The reason non-Hindus don’t unite in defense of a Jew as a fellow non-Hindu is because, whether they are Christians, Jains, or Jews, ‘non-Hindus’ belong to philosophical communities that carry more weight than ‘non-Hinduism.’  Non-Hinduism may be a definable set of people, but it’s not an interesting or compelling one.  And, most of the time, neither is atheism.  Although atheism may be a very important political category when dealing with church-state issues and creationism, it is pretty well near useless as a philosophical category.

Atheists belong to some other group, even if that group doesn’t have a well known name or tradition.  Some atheists are nihilists, some are existentialist, and some are crazy, mixed up proponents of absolute moral law like me, but we all have actual beliefs to defend beyond our lack of belief in God.  If you talk about atheists as  having a primary loyalty to the philosophical category of athiesm, you’re going to run into trouble, just as a couple of prominent atheist blogs did this week.

John Loftus of Debunking Christianity posted an excerpt from one of his books which stated:

When Christians ask if I have taken the outsider test for my own “belief system,” I simply say “yes I have, that’s why I’m a non-believer.”

They’ll ask if I am equally skeptical of my skepticism, or whether I have subjected my non-belief to non-belief, or my disbelief to disbelief. These questions express double negatives. When re-translated they are asking me to abandon skepticism in favor of a gullible faith, for that’s the opposite of skepticism—something no thinker should do.

Either Loftus is a skeptic in the tradition of Sextus Empiricus and doesn’t really believe anything or being glib and/or disingenuous.    But what the Christians are talking about when they ask him about his ‘belief system’ isn’t his skepticism– they want to know what he claims his skepticism reveals as true.  What does Loftus think constitutes virtue?  What is the goal of human life?  Does it matter if we don’t know?

When atheists assail Christians for holes in their theology without ever revealing anything about our own metaphysics and ethics, I get flashbacks to the GOP strategy of cherrypicking budget items to discredit the Democratic budget proposal without ever revealing a full budget proposal of their own.

When atheists don’t talk about their own philosophy or pretend they don’t have one, we are walking away from some of the tough discussions we need to have.  We’re turning a blind eye to some troubling philosophies that are entirely compatible with atheism.

That’s why I disagree with some comments Hermant Mehta made at Friendly Atheist while explaining why he’s not troubled by divisions within atheism:

We’re not going to be unified when our disbelief in any gods is the only common thread binding us. It’s fine if we support one group or another or none at all. I think we all benefit when we can be counted in some way, but if you choose not to do that via a particular group, so be it.

[...]

Diversity in what we call ourselves, and who we vote for, and where we stand on morality just shows we’re not a homogeneous bunch. That’s a good thing.

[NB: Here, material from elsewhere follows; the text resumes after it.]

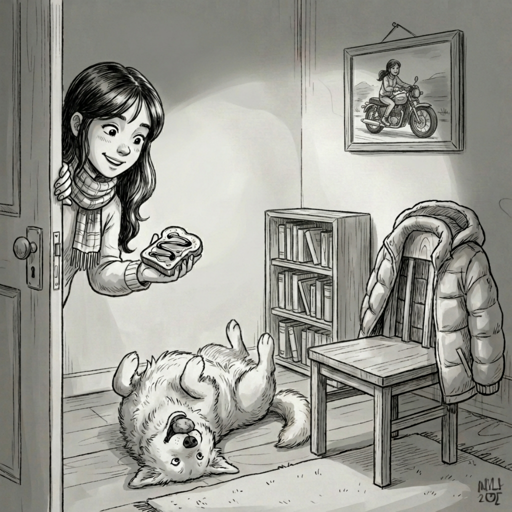 Пришить вешалку на куртке — всё руки не доходят. Бросила на стул. Метеорит выскочил из кармана и покатился по полу. Пуф отвлёкся от наскакивания на меня, схватил камень и потащил в свою конуру под стол. Улёгся, прижал добычу лапами и принялся увлечённо её облизывать. И всё бы ничего. Я уже и разулась, и руки помыла, и чайник поставила. Накапала мёда на хлебушек, как бабушка делала. Лучше любой шоколадки. Но сейчас не об этом. От Пуфа ни слуху ни духу. Мне стало любопытно — чем он там занят? Заглянула в свою комнату. Здрасьте, приехали... Лежит мой красавчик на спине. Камень в пасти держит. Задние лапки раздвинул и только глазками из стороны в сторону зыркает. Как будто понравиться кому хочет. Подлиза. Я сразу представила себе Цербера, которому Психея лепёшку принесла. Для кого это ты разлёгся? Даже на хлебушек не смотришь. Неужто космический булыжник так тебя приворожил? Я, лучший друг Макса, кличка Пафнутий, давно подозревал, что дело тут нечисто. Сначала что-то горячее в снегу, затем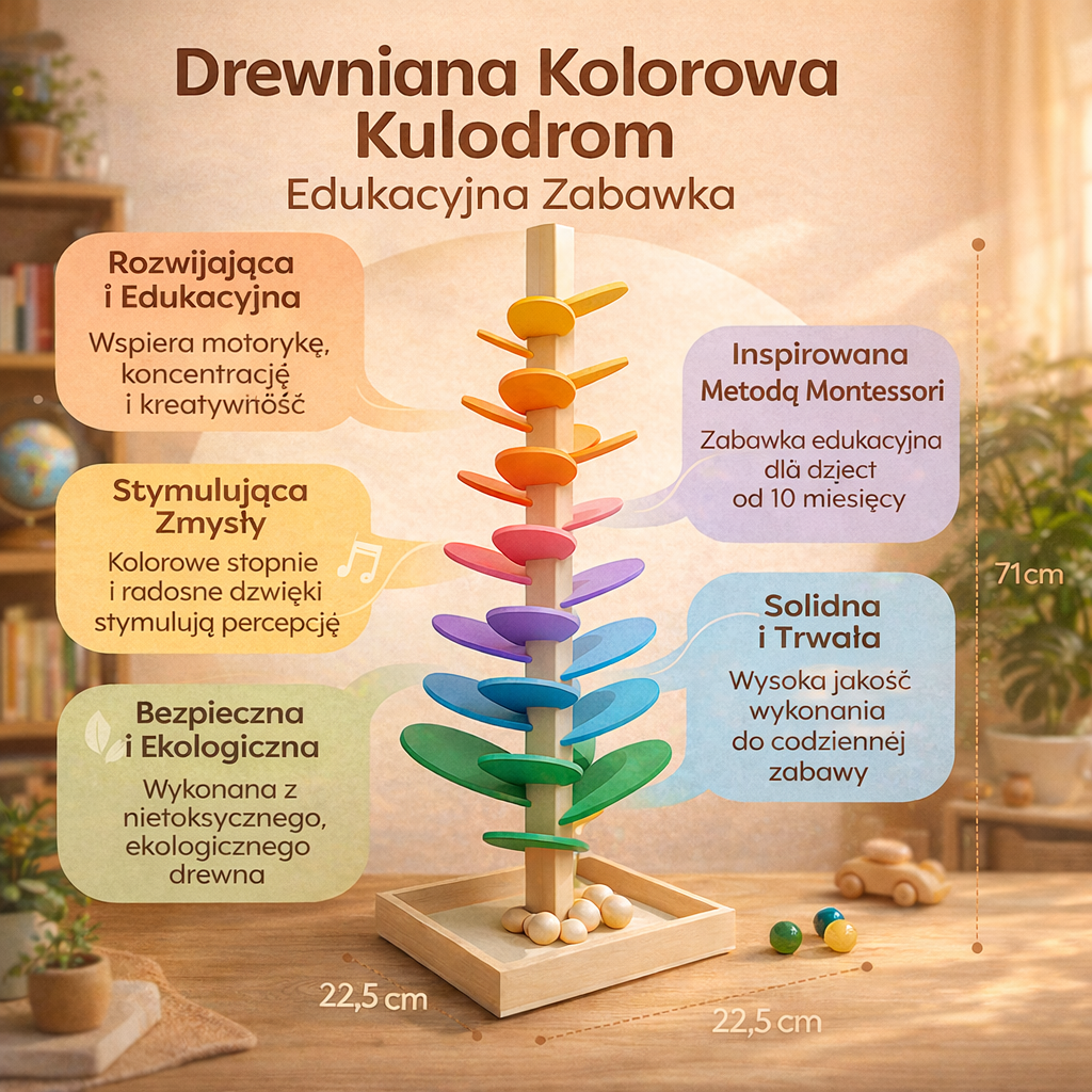 wooden toy of the marble run type designed for play and learning at home. This wooden marble run serves as an educational toy, where marbles move through levels, helping to understand cause and effect as well as gravity. Colorful parts and sounds during rolling support concentration and hand exercise. This is a Montessori toy suitable for independent play.

Diversity in opinions on morality is NOT an intrinsic good.  I’ve known atheists who were nihilists and/or relativists who had an incredible disregard for the suffering of others as a consequence of their philosophies.  I don’t talk to a friend who holds these beliefs and feel reassured that I’m part of a vibrant, diverse community of atheist thought– I want to convince them to change their mind because I think their philosophy is false and is likely to hurt my friend and the other people in their life.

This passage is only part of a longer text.